■ **What to work on**
Print, in exact form, the lines below from the one containing "Apartamento decorado à" through the one containing "The format, colour", and omit all others.

■ **Records for processing**
----

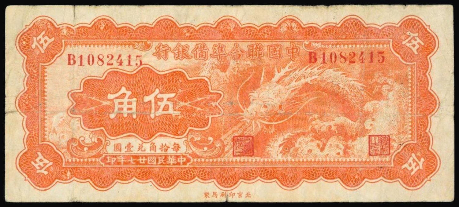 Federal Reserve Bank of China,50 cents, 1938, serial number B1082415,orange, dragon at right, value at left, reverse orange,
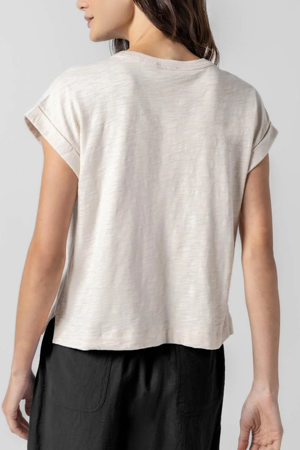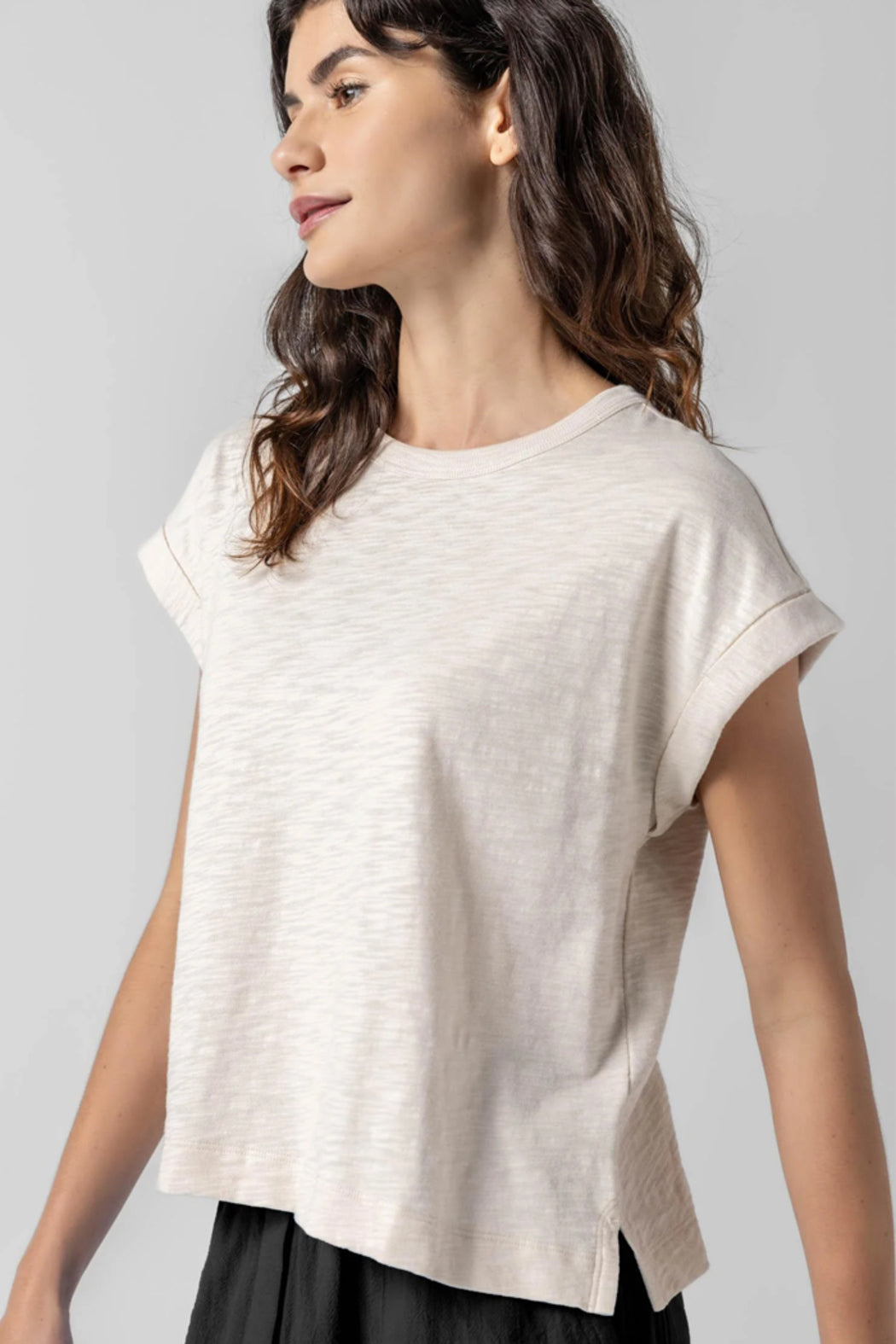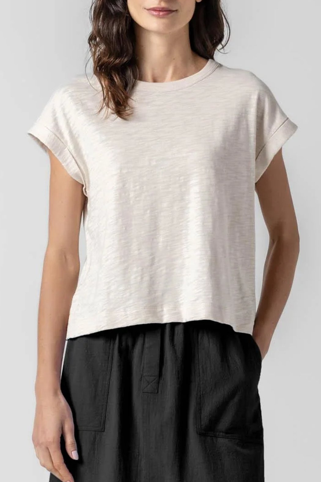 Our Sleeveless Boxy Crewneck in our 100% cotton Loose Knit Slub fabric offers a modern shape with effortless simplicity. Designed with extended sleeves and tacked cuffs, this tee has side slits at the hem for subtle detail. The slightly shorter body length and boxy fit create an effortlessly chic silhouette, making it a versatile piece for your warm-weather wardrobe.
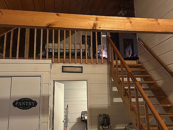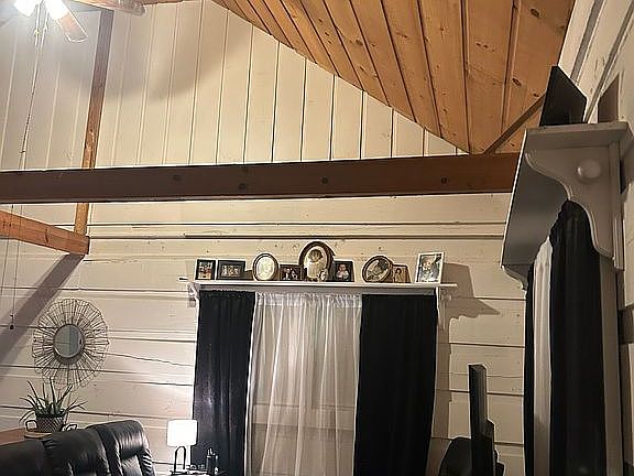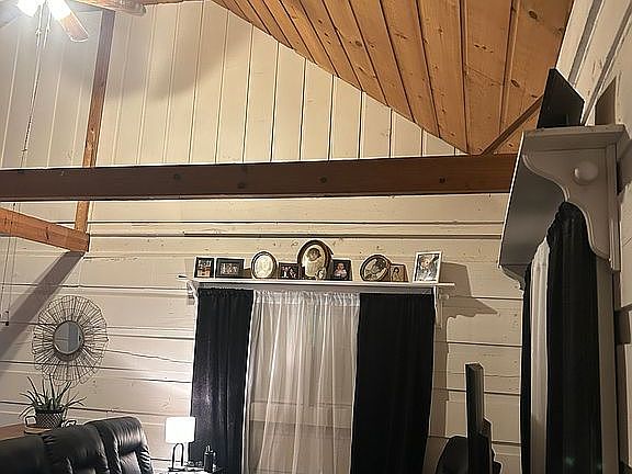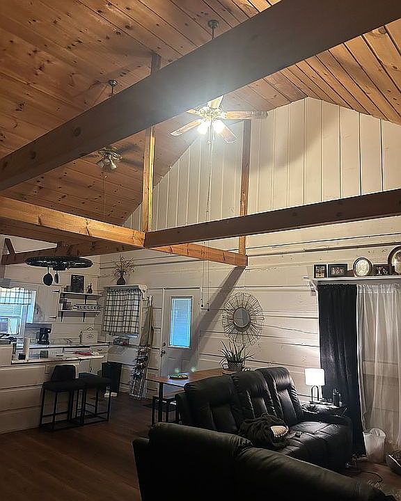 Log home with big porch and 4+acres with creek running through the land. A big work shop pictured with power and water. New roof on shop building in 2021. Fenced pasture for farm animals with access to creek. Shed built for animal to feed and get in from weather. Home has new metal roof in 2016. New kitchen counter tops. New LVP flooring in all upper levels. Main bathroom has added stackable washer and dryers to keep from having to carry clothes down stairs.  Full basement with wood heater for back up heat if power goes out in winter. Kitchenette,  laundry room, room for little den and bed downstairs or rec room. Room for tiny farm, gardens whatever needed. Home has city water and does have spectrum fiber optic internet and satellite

----

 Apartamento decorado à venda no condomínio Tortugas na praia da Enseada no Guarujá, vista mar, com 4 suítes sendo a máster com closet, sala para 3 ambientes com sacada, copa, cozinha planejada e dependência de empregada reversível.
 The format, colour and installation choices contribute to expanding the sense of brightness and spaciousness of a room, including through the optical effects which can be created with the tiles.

----

■ **Answer section**
 Apartamento decorado à venda no condomínio Tortugas na praia da Enseada no Guarujá, vista mar, com 4 suítes sendo a máster com closet, sala para 3 ambientes com sacada, copa, cozinha planejada e dependência de empregada reversível.
 The format, colour and installation choices contribute to expanding the sense of brightness and spaciousness of a room, including through the optical effects which can be created with the tiles.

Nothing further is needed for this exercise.